Segment Open

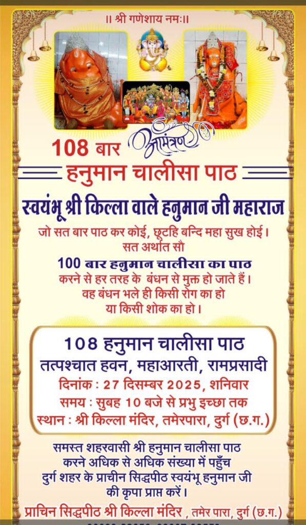 अति प्राचीन सिद्ध पीठ श्री किल्ला मंदिर में विराजे स्वयंभू हनुमान जी के दरबार में आज दिनांक 27/12/2025 दिन शनिवार को 108 बार हनुमान चालीसा पाठ का पठन किया गया , हनुमान चालीसा पठन होने के पश्चात श्री किल्ला मंदिर में हवन पूर्णाहुति हुआ।
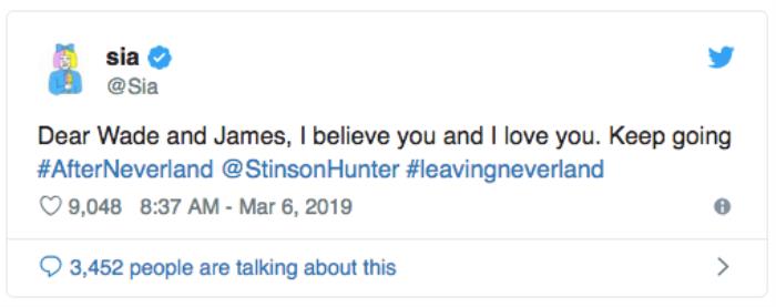 澳大利亚王牌创作歌手Sia Furler则发推特表示相信影片中的两位受害者。著名脱口秀节目《艾伦秀》的主持人艾伦•德杰尼勒斯则呼吁,让所有人都去观看这部纪录片。
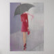 Peinture acrylique originale sur toile de Dian Bernardo..........Une belle femme moderne et branchée habillée en rouge, tenant et parapluie et marchant sous la pluie. Une scène mystérieuse et accueillante. Ça aurait l'air bien n'importe où dans votre maison et serait certainement une excellente pièce de conversation.

Segment Closed

EXERCISE
Exact copy, pictures removed: set down the whole listing above.

TASK SOLUTION
 अति प्राचीन सिद्ध पीठ श्री किल्ला मंदिर में विराजे स्वयंभू हनुमान जी के दरबार में आज दिनांक 27/12/2025 दिन शनिवार को 108 बार हनुमान चालीसा पाठ का पठन किया गया , हनुमान चालीसा पठन होने के पश्चात श्री किल्ला मंदिर में हवन पूर्णाहुति हुआ।
 澳大利亚王牌创作歌手Sia Furler则发推特表示相信影片中的两位受害者。著名脱口秀节目《艾伦秀》的主持人艾伦•德杰尼勒斯则呼吁,让所有人都去观看这部纪录片。
 Peinture acrylique originale sur toile de Dian Bernardo..........Une belle femme moderne et branchée habillée en rouge, tenant et parapluie et marchant sous la pluie. Une scène mystérieuse et accueillante. Ça aurait l'air bien n'importe où dans votre maison et serait certainement une excellente pièce de conversation.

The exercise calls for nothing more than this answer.